Winter Pierre, Richardson Jeremy O
Laboratory of Physical Chemistry , ETH Zürich , 8093 Zürich , Switzerland.
J Chem Theory Comput. 2019 May 14;15(5):2816-2825. doi: 10.1021/acs.jctc.8b01267. Epub 2019 Apr 2.
Ring-polymer instanton theory has been developed to simulate the quantum dynamics of molecular systems at low temperatures. Chemical reaction rates can be obtained by locating the dominant tunneling pathway and analyzing fluctuations around it. In the standard method, calculating the fluctuation terms involves the diagonalization of a large matrix, which can be unfeasible for large systems with a high number of ring-polymer beads. Here we present a method for computing the instanton fluctuations with a large reduction in computational scaling.
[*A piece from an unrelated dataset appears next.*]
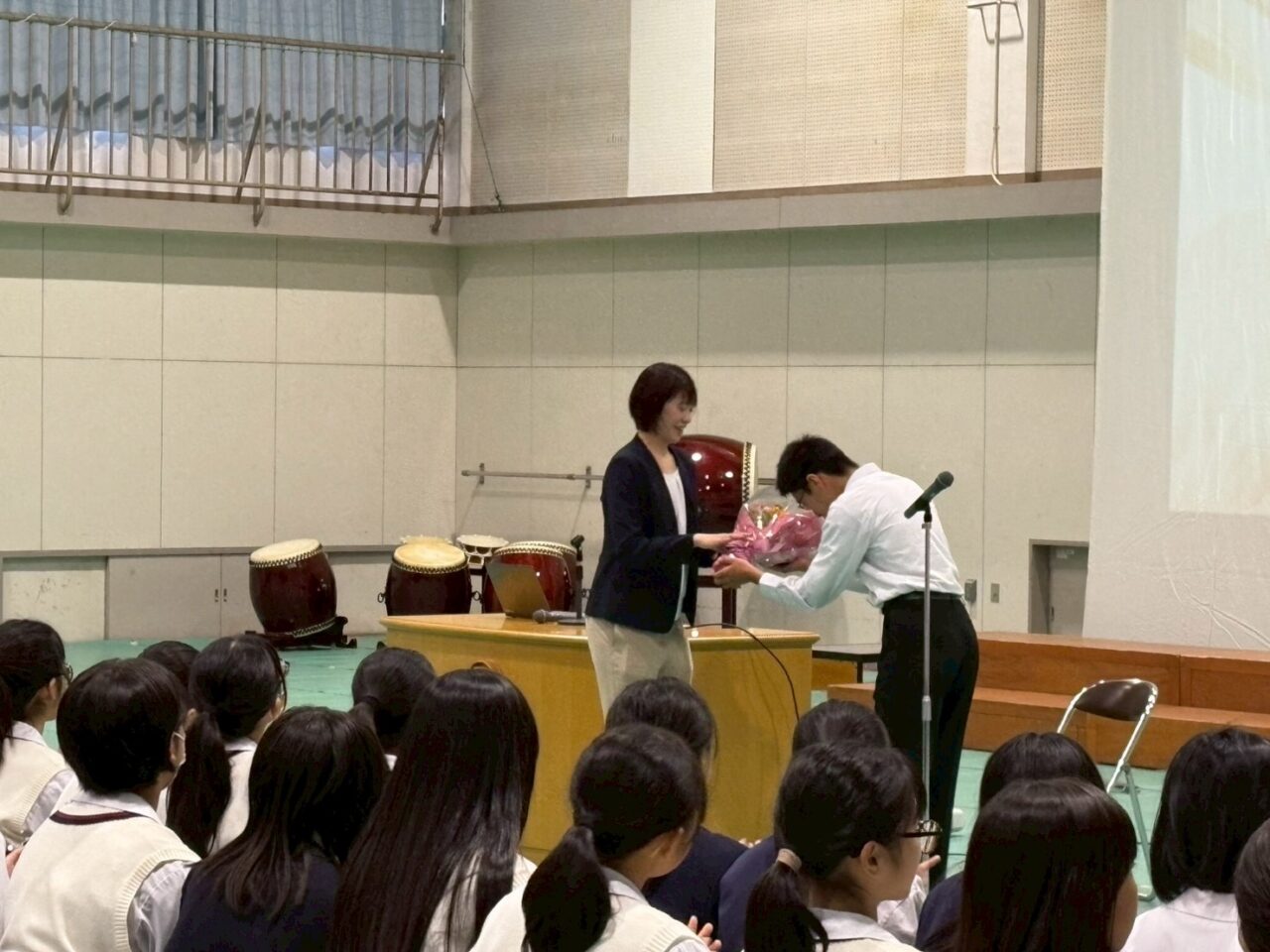11月7日(金)に、四日市市立西陵中学校の文化祭にて、宮下遥が講演会を行いました。

This method is applied to three reactions described by fitted, analytic, and on-the-fly ab initio potential-energy surfaces and is shown to be numerically stable for the calculation of thermal reaction rates even at very low temperature.
环聚合物瞬子理论已被开发用于模拟低温下分子系统的量子动力学。通过定位主导隧穿路径并分析其周围的涨落,可以获得化学反应速率。在标准方法中,计算涨落项涉及一个大矩阵的对角化,这对于具有大量环聚合物珠子的大系统可能是不可行的。在这里,我们提出了一种计算瞬子涨落的方法,该方法在计算规模上有大幅缩减。该方法应用于由拟合、解析和实时从头算势能面描述的三个反应,并且即使在非常低的温度下,对于热反应速率的计算也显示出数值稳定性。